PROBLEM STATEMENT - Pictures excluded, return the lines below from the first through the line holding "Common materials, more".

(DATASET SECTION begins)

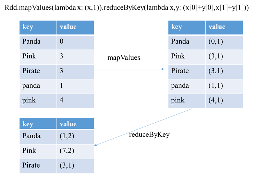 采用reduceByKey()和mapValues()计算每个键对应值的均值
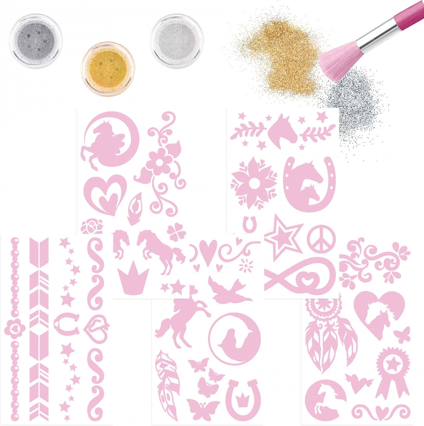 Inhalt: 38 Tattoos, 3 Glitzer-Puder, 1 Pinsel, 1 Anleitung
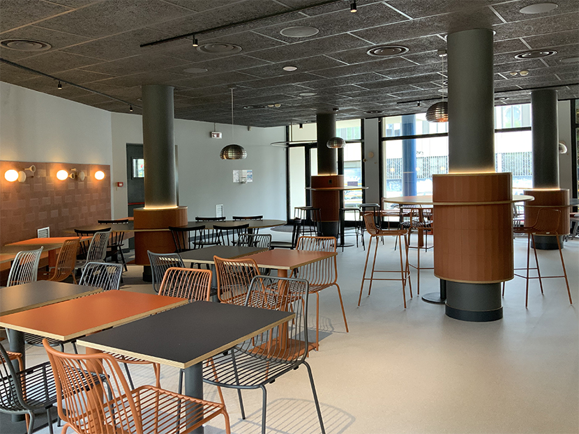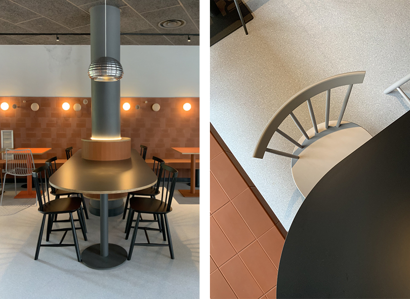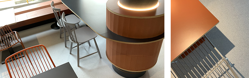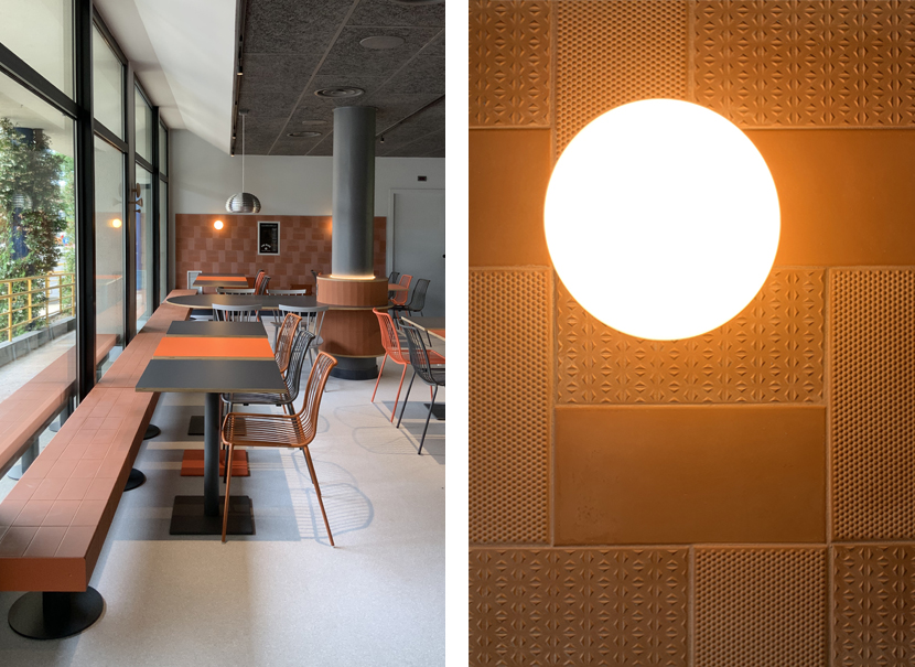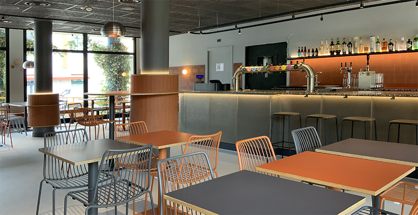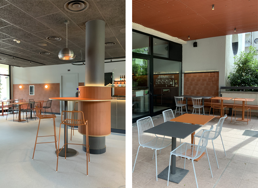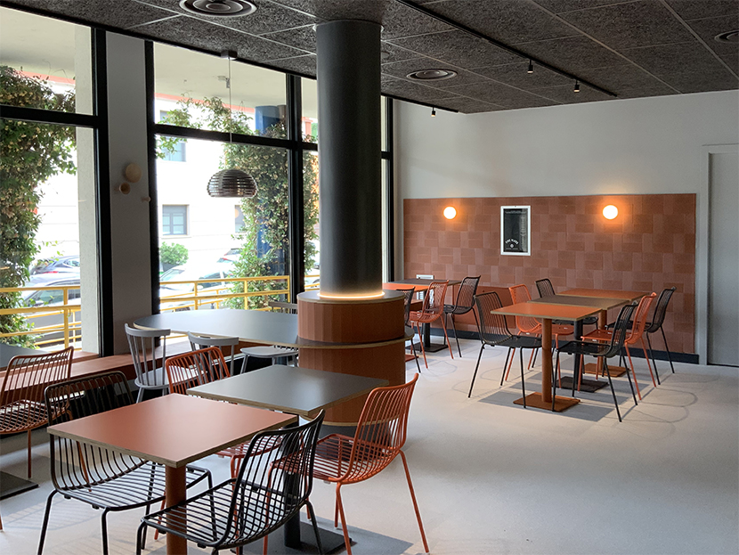 Common materials, more associated with workplaces, are used, such as PVC for the floor, perforated steel sheeting and grit for the bar, wood with laminates for the tables,
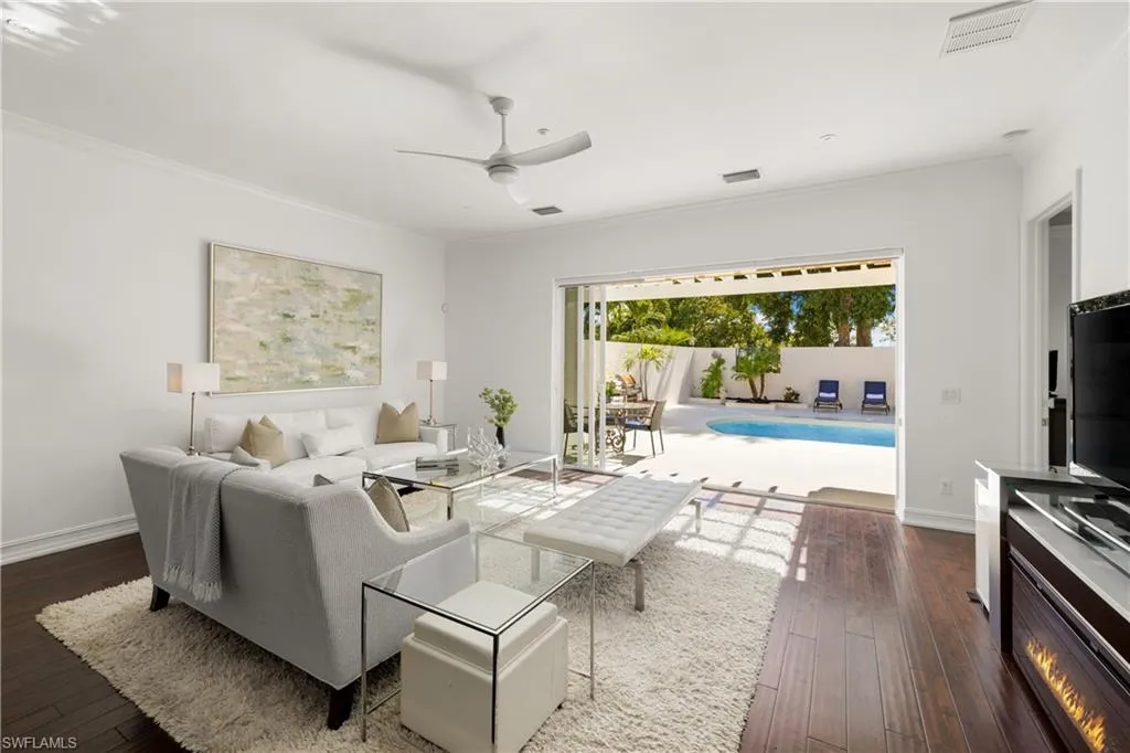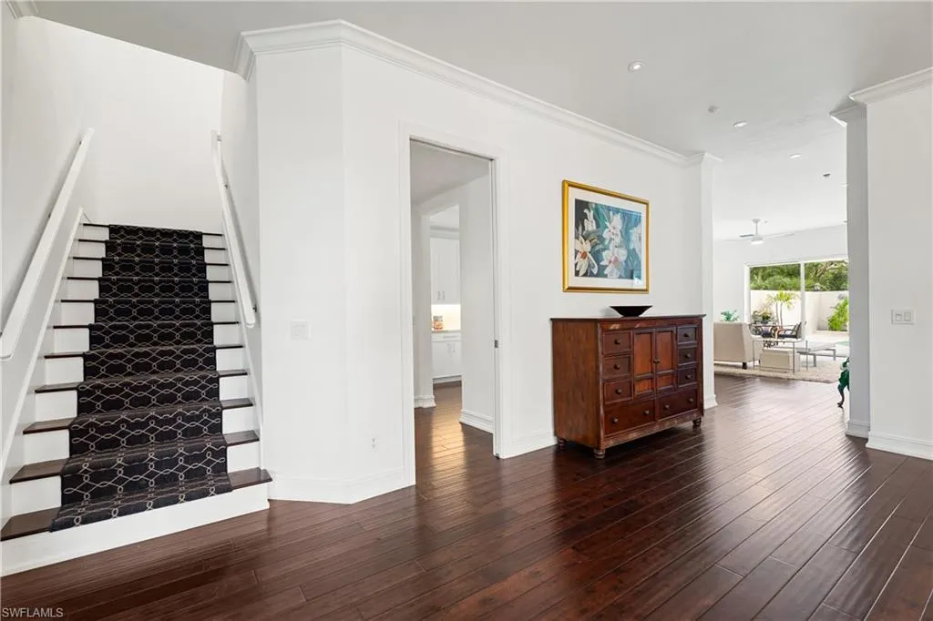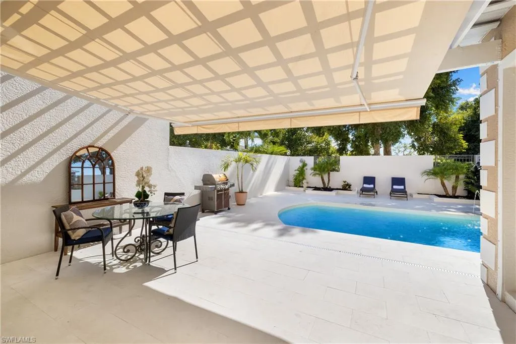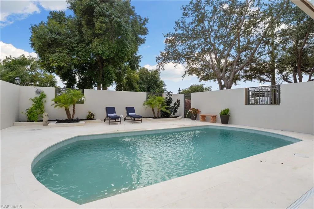 Experience refined Villa Pienza living in this elegant end-unit residence west of 41, where sun-drenched interiors, modern finishes, and the ease of maintenance-free living blend seamlessly in a home that lives like a private single-family retreat. Inside, natural light fills the spacious great room and flows into a bright modern kitchen appointed with an island, butler’s pantry with dry bar and wine fridge, and an inviting dining area ideal for both relaxed gatherings and elevated entertaining. Hardwood floors and timeless design elements create a warm, sophisticated ambiance throughout. The first-floor primary suite provides a peaceful sanctuary with ample closet space and a serene, spa-inspired bath. Upstairs, two generously sized guest bedrooms and a versatile den offer an ideal layout for visitors, work, or quiet leisure, while two private balconies welcome fresh breezes and soft Naples light. Outside, a private backyard oasis awaits—lush landscaping, a trellised lanai, awning, south-facing pool, and an open deck designed for sun-soaked afternoons and intimate evenings. Situated in the highly desirable west-of-41 corridor and within the X-500 flood zone, this pet-friendly villa combines the freedom of maintenance-free living with the comfort, privacy, and scale of a single-family home. Clam Pass and Seagate Beach are just moments away, while Waterside Shops, Venetian Village, and downtown Naples offer premier shopping and dining within easy reach.

(DATASET SECTION ends)

EXERCISE OUTPUT -
 采用reduceByKey()和mapValues()计算每个键对应值的均值
 Inhalt: 38 Tattoos, 3 Glitzer-Puder, 1 Pinsel, 1 Anleitung
 Common materials, more associated with workplaces, are used, such as PVC for the floor, perforated steel sheeting and grit for the bar, wood with laminates for the tables,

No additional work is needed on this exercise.